Autocorrelation Reasons

The post is about autocorrelation Reasons that may occur in time series data. To learn and understand what is autocorrelation, see the post about Introduction to autocorrelation.

Autocorrelation Reasons

Autocorrelation Reasons

There are several reasons for Autocorrelation. Some of the most important autocorrelation reasons are:

i) Inertia

Inertia or sluggishness in economic time series is a great reason for autocorrelation. For example, GNP, production, price index, employment, and unemployment exhibit business cycles. Starting at the bottom of the recession, when the economic recovery starts, most of these series start moving upward. In this upswing, the value of a series at one point in time is greater than its previous values. These successive periods (observations) are likely to be interdependent.

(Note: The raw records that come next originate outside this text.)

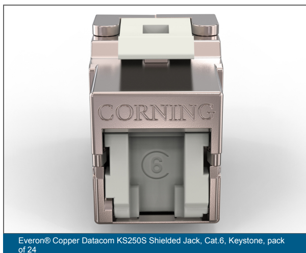
Everon® Copper Datacom KS250S Shielded Jack, Cat.6, Keystone, pack of 24

Seamless connectivity, regardless of mismatched connectors (RJ11/12)
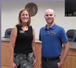
CHAMBER BUSINESS EXPO 2010
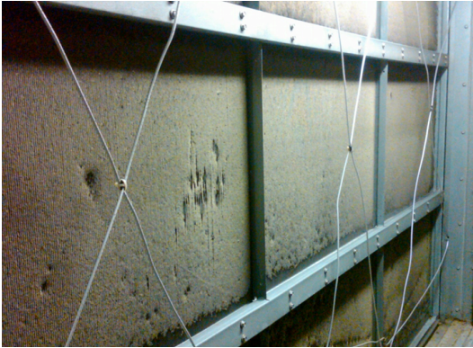
Air Handler #2 - before
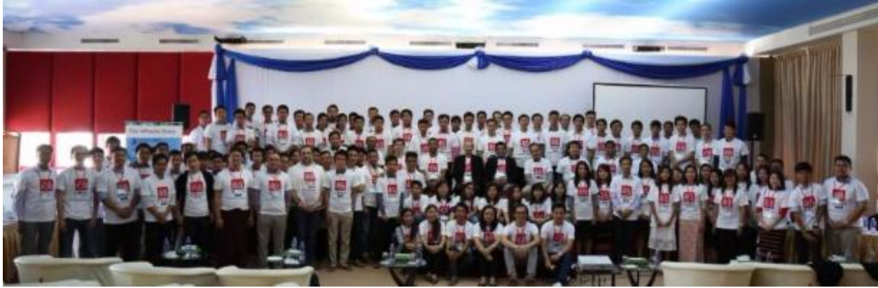
Participants at the Myanmar Network Operators Group Conference

ii) Omitted Variables Specification Bias

The residuals (which are proxies for $u_i$) may suggest that some variables that were originally candidates but were not included in the model (for a variety of reasons) should be included. This is the case of excluded variable specification bias. Often the inclusion of such variables may remove the correlation pattern observed among the residuals. For example, the model

$$Y_t = \beta_1 + \beta_2 X_{2t} + \beta_3 X_{3t} + \beta_4 X_{4t} + u_t,$$

is correct. However, running

$$Y_t=\beta_1 + \beta_2 X_{2t} + \beta_3X_{3t}+v_i,\quad \text{where $v_t=\beta_4X_{4t}+u_t$ },$$

the error or disturbance term will reflect a systematic pattern. Thus creating false autocorrelation, due to the exclusion of $X_{4t}$ variable from the model. The effect of $X_{4t}$ will be captured by the disturbances $v_t$.

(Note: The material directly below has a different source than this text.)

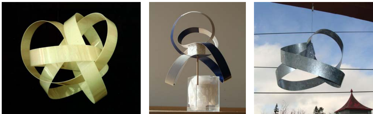
Figure 7: Other ribbon sculptures made from: (a) plastic strips, (b) paper strips, (c) metal bands.

Keeping in line with my plans for talking about the “Beauty of Knots” at the 2010 gathering, I immediately thought of some banded knot representations as presented in Figures 6c and 7a. Since the conference organizers were looking for some self-contained, free-standing out-door sculpture, I thought that such banded knot realizations could be set on some poles and thereby turned into “Knot Flowers” (Fig.7b). Geometrically, this does not pose any big problems, and I readily generated several small scale models made from wooden cubes and paper strips.

iii) Model Specification: Incorrect Functional Form

Autocorrelation can also occur due to the miss-specification of the model. Suppose that $Y_t$ is connected to $X_{2t}$ with a quadratic relation

$$Y_t=\beta_1 + \beta_2 X_{2t}^2+u_t,$$

but we wrongly estimate a straight line relationship ($Y_t=\beta_1 + \beta_2X_{2t}+u_t$). In this case, the error term obtained from the straight line specification will depend on $X_{2t}^2$. If $X_{2t}$ is increasing/decreasing over time, $u_t$ will also be increasing or decreasing over time. Therefore, an Incorrect Functional Form is also another important reason for autocorrelation.

iv) Effect of Cobweb Phenomenon

The quantity supplied in the period $t$ of many agricultural commodities depends on their price in period $t-1$. This is called the Cobweb phenomenon. This is because the decision to plant a crop in a period of $t$ is influenced by the price of the commodity in that period. However, the actual supply of the commodity is available in the period $t+1$.

\begin{align*}
QS_{t+1} &= \alpha + \beta P_t + \varepsilon_{t+1}\\
\text{or }\quad QS_t &= \alpha + \beta P_{t-1} + \varepsilon_t
\end{align*}

This supply model indicates that if the price in period $t$ is higher, the farmer will decide to produce more in the period $t+1$. Because of increased supply in period $t+1$, $P_{t+1}$ will be lower than $P_t$. As a result of lower price in period $t+1$, the farmer will produce less in period $t+2$ than they did in period $t+1$. Thus disturbances in the case of the Cobweb phenomenon are not expected to be random, rather, they will exhibit a systematic pattern and thus cause a problem of autocorrelation.

v) Effect of Lagged Relationship

Many times in business and economic research the lagged values of the dependent variable are used as explanatory variables. For example, to study the effect of tastes and habits on consumption in a period $t$, consumption in period $t-1$ is used as an explanatory variable since consumer do not change their consumption habits readily for psychological, technological, or institutional reasons. The consumption function will be

$$C_t = \alpha + \beta Y + \gamma C_{t-1} + \varepsilon_t,$$
where $C$ is consumption and $Y$ is income.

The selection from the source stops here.